If the image failed to load, the value is the empty string "".

* StructField("origin", StringType(), True),
** Some information about the origin of the image. The content of this is 
application-specific.
** When the image is loaded from files, users should expect to find the file 
name in this field.

* StructField("height", IntegerType(), False),
** the height of the image, pixels
** If the image fails to load, the value is -1.

* StructField("width", IntegerType(), False),
** the width of the image, pixels
** If the image fails to load, the value is -1.

* StructField("nChannels", IntegerType(), False),
** The number of channels in this image: it is typically a value of 1 (B&W), 3 
(RGB), or 4 (BGRA)
** If the image fails to load, the value is -1.

* StructField("data", BinaryType(), False)
** packed array content. Due to implementation limitation, it cannot currently 
store more than 2 billions of pixels.
** The data is stored in a pixel-by-pixel BGR row-wise order. This follows the 
OpenCV convention.
** If the image fails to load, this array is empty.

For more information about image types, here is an OpenCV guide on types: 
http://docs.opencv.org/2.4/modules/core/doc/intro.html#fixed-pixel-types-limited-use-of-templates
 

The reference implementation provides some functions to convert popular formats 
(JPEG, PNG, etc.) to the image specification above, and some functions to 
verify if an image is valid.

h2. Image ingest API

We propose the following function to load images from a remote distributed 
source as a DataFrame. Here is the signature in Scala. The python interface is 
similar. For compatibility with java, this function should be made available 
through a builder pattern or through the DataSource API. The exact mechanics 
can be discussed during implementation; the goal of the proposal below is to 
propose a specification of the behavior.

{code}
def readImages(
    path: String,
    session: SparkSession = null,
    recursive: Boolean = false,
    numPartitions: Int = 0,
    dropImageFailures: Boolean = false,
    // Experimental options
    sampleRatio: Double = 1.0): DataFrame
{code}

The type of the returned DataFrame should be the structure type above, with the 
expectation that all the file names be filled.

Mandatory parameters:
* *path*: a directory for a file system that contains images
Optional parameters:
* *session* (SparkSession, default null): the Spark Session to use to create 
the dataframe. If not provided, it will use the current default Spark session 
via SparkSession.getOrCreate().
* *recursive* (bool, default false): take the top-level images or look into 
directory recursively
* *numPartitions* (int, default null): the number of partitions of the final 
dataframe. By default uses the default number of partitions from Spark.
* *dropImageFailures* (bool, default false): drops the files that failed to 
load. If false (do not drop), some invalid images are kept.
 
Parameters that are experimental/may be quickly deprecated. These would be 
useful to have but are not critical for a first cut:
* *sampleRatio* (float, in (0,1), default 1): if less than 1, returns a 
fraction of the data. There is no statistical guarantee about how the sampling 
is performed. This proved to be very helpful for fast prototyping. Marked as 
experimental since it should be pushed to the Spark core.

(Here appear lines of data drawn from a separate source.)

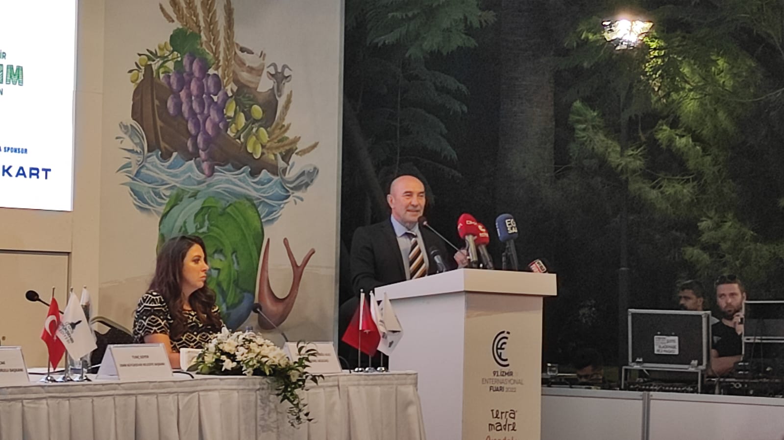 Tanıtım toplantısında konuşan Başkan Tunç Soyer, “Heyecan verici bir buluşmanın öncesinde yine ilk sunumu sizlere yapmanın büyük gururunu yaşıyorum. Hepiniz hoş geldiniz. Cumhuriyet mirası dendi, evet fuar bir cumhuriyet mirasıdır. İktisat kongresinin hemen sonrasında başlamış, panayıra dönmüş ve fuarla buluşmuş. Bugün dünya ülkeleri EXPO peşinde koşar, bunun için İzmir’de çokça emek verdi. Biz 91 yıldır küçük EXPO düzenlemeye devam ediyoruz. 91 yıldır kapılarını hiç kapatmamış. 12 Eylül’de sadece bir gün kapalı kalmış. Bu gelenek bu miras son derece kıymetli. Biz de buna sonuna kadar sahip çıkacağız. 91. yıldır düzenlenen fuarın her sene çıtasını yükselmeniz gerekiyor, yapmazsınız olmamızın manası yok. Terra Madre ile bu nedenle buluşturmak istedik. Dünyanın en büyük gastronomi fuarı. Gastronomi tarımla, kültürle, sağlıkla, turizmle, küresel iklim kriziyle hepsinin buluşma noktası. Dünyanın odağında şu anda gastronomi var. Aslında 91. kez kapılarını açarken büyük bir gündeme parmağımızı basmış oluyoruz. Böyle bir organizasyona ev sahipliği yapmak son derece kıymetli” dedi.
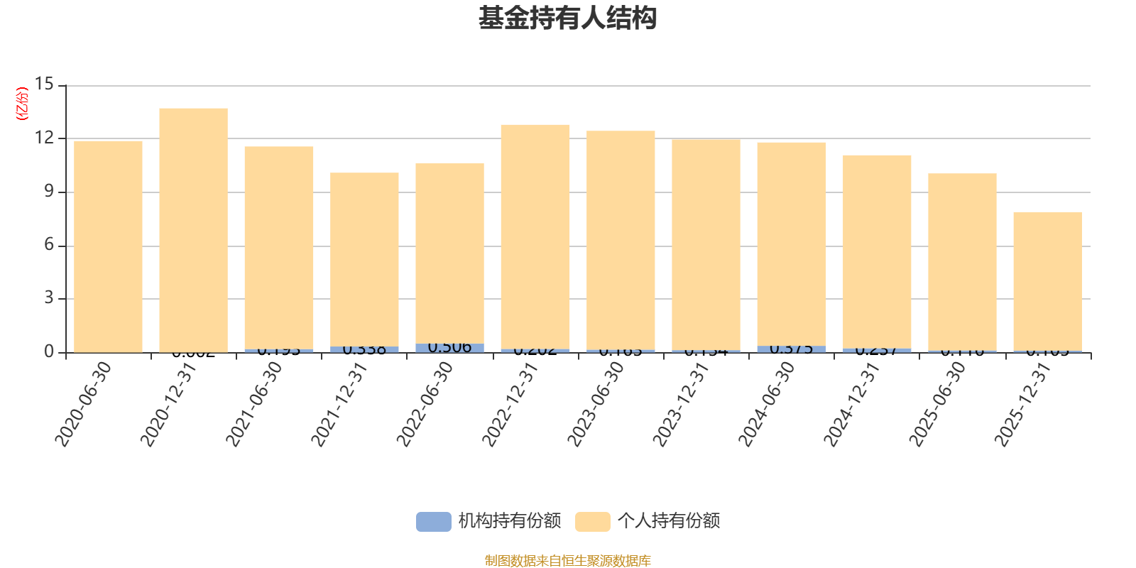 截至2025年12月31日,基金持有人共计4.11万户,合计持有7.87亿份。其中管理人员工持有71.74万份,占比0.09%,机构持有份额占比1.33%,个人投资者占比98.67%。
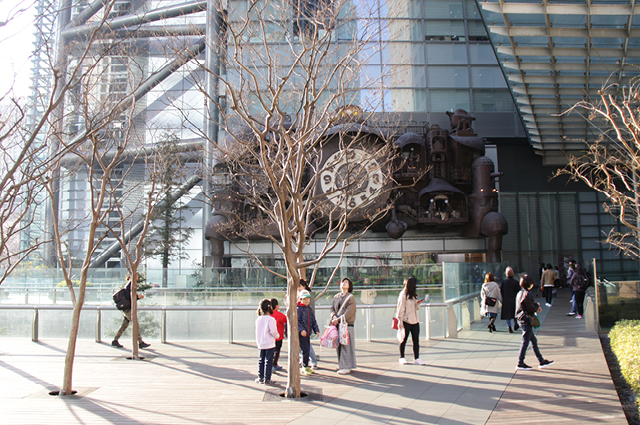 Située à l'extérieur du premier étage du siège de NTV, l’horloge peut être visitée 24 h / 24 et 7 j / 7 librement. Pour une première approche lors d’une visite, sachez que la grande horloge NTV est visible des trains de la ligne de métro automatique Yurikamome lorsqu’ils arrivent à la station Shiodome.

The implementation is expected to be in Scala for performance, with a wrapper 
for python.
This function should be lazy to the extent possible: it should not trigger 
access to the data when called. Ideally, any file system supported by Spark 
should be supported when loading images. There may be restrictions for some 
options such as zip files, etc.

The reference implementation has also some experimental options (undocumented 
here).

h2. Reference implementation
A reference implementation is available as an open-source Spark package in this 
repository (Apache 2.0 license):
https://github.com/Microsoft/spark-images

This Spark package will also be published in a binary form on 
spark-packages.org .

Comments about the API should be addressed in this ticket.

h2. Optional Rejected Designs
The use of User-Defined Types was considered. It adds some burden to the 
implementation of various languages and does not provide significant advantages.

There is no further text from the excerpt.